И мы обходим подъезд за подъездом, квартиру за квартирой, всюду заставая заводчан, ставших на сколько-то дней или часов строителями. Наконец, Правосуд спрашивает у меня:

— Устали? Можем вас куда-нибудь подбросить.

— Пожалуйста, к главному корпусу. Есть там такой Василий Майор… Может быть, знаете?

— А, главный диспетчер СКП! Знаю. Удивительный человек! В Турине, на стажировке, поставил вопрос о том, что наши командировки в Италию слишком длительны, можно обойтись меньшим сроком, половину валюты сэкономить. Понимаете? Там тебе Рим, Колизей, Венеция и неаполитанские песни, а человек просится домой. Невероятно! Толя, подбросим товарища…

Завод похорошел и снаружи. Там, где были глубокие котлованы «вставок», теперь вырисовываются вертикали парадных входов, сквозь стекло видны лестницы и колонны. Верхний пояс длиннющего фасада поблескивает светлой облицовочной плиткой, ниже сверкает на солнце широкая лента стекла — здесь разместились административные помещения цехов.

Вот и окно, за которым я раньше видывал Василия Артемовича в штабе оперативной группы СКП. Сегодня Майора нахожу в другой комнате. Несколько столов, за ними молчаливые девушки составляют длинные ведомости, причем не какую-нибудь там отчетность для некой инстанции, а нечто живое, непосредственно влияющее на ход работ: потребность в деталях на сегодня, завтра. А за селектором — Василий Артемович, человек, в крайнем напряжении осуществляющий сиюминутную связь всех звеньев главного конвейера.

Тихо гудят сигналы, непрерывно поступает информация:

— Кончается запас кулачков фиксатора двери, деталь 6 205 206.

— Где застряли 1 009 147? Мы же остановимся, главный конвейер остановим! Дайте деталь 1 009 147!

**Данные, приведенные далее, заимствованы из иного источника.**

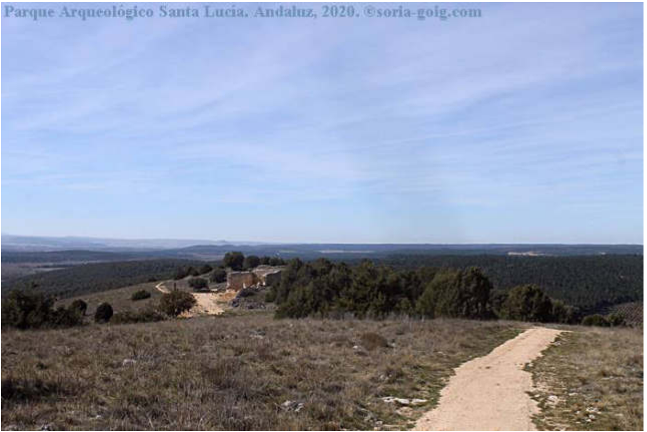
Parque Arqueológico Santa Lucía, Andaluz, 2020.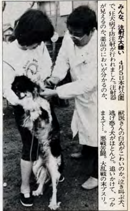
みんな、注射が大嫌い。4月5日日本村公園で、狂犬病予防注射が行われました。注射器が見えるのが、薬品のおいが分かるのか、吠えだす。悪戦苦闘。大乱戦の末ブスリ。

性で編成されたチーム。 【日程】5月13日午前9時〜午後3時、浅生球場。 出場申込みは、5月7日までに戸畑中央公民館(浅生)〒131-7、882局4281へ。 また同時に、昭和59年度レク・バレエチームの登録も受け付けます。登録をしないと試合に参加できません。必ず登録して下さい。 ★対象は、生後3か月〜18生ワクチン か月の市民で、これまでに3回服用していない人。すでに18か月を過ぎた人は戸畑保健所871局4527へ相談を。服用は無料。 【服用できない人】熱がある、下痢をしている、けいれん性体質、アレルギー体質、ひどく心臓・腎臓・肝臓等が悪い、はしか・BCG等の予防接種をして一か月たっていない人など。 【注意事項】必ずお子さんの体温を測り、健康状態のわかる保護者が付き添うこと。母子健康手帳と印章をお忘れなく。 【日程】いずれも午後1時30分〜2時45分。▼4月20日大谷公民館 ▼24日天籟寺公民館 ▼25日山東公民館 ▼26日二枝公民館 (以上全日程)

— Василий Артемович? Вы просили сообщить насчет 6 814 076. Так вот, тяга каркаса сидений пошла, отправляем первую партию.

Уловив паузу, я здороваюсь. Удивленно спрашиваю:

— Сколько же деталей в автомобиле? У вас миллионные номера!

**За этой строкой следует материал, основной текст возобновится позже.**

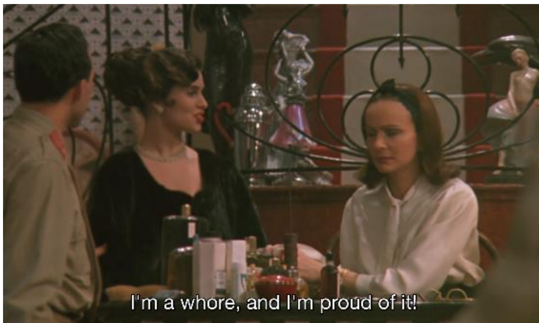
KUVA 1: Paprika Tinto Brassin elokuvan loppukohtauksessa (Paprika, 1991)

Lukas Moodyssonin vuonna 2015 ohjaamassa Lilja 4-ever elokuvassa taas käsitellään sekä vapaaehtoista seksin myymistä, sekä seksiorjaksi joutumista. Liljan äidin lähdettyä Yhdysvaltoihin, Lilja alkaa myymään seksiä elättääkseen itseään. Hänet huijataan matkustamaan Ruotsiin töitä lupailen, jossa hän päätyykin seksityöntekijäksi vasten tahtoansa. Elokuvassa on mielestäni esitetty hienosti molemmat puolet seksityöstä. Teoksessa kerrotaan hienosti mikä on omasta tahdosta tehdyn seksityön, ja pakotetun seksityön ero. Ihmiskaupan uhrina Liljalla ei ole enää vapautta ja mahdollisuutta valita asiakkaitansa tai suunnitella oman työnsä aikatauluja. Niin ja mikä tärkeintä, hän ei saa palkkaa tekemästensä työstä.

— Это, конечно, шифры. Деталей всего десять тысяч. Очень хочу с вами поговорить! Посидите, может быть, немного схлынет…

Но селектор не унимается:

— Где ступица? Через полчаса остановимся из-за ступицы!

Майор вызывает один из цехов:

— Что со ступицей? Я же вам звонил полчаса назад!

— А я вам говорил, товарищ Майор, ступица не идет, потому что не поступает эмульсия для охлаждения резца, не работает насос. Вызвали ремонтника, сейчас исправим.

— Поторопитесь, пожалуйста.

Поступает начальственный запрос:

— Сколько машин сошло с конвейера?

— Двести семнадцать.

— Мало. Если к концу смены триста пятьдесят машин не выйдет, будем работать, пока их не соберем. Сообщайте о каждой остановке конвейера, хотя бы минутной.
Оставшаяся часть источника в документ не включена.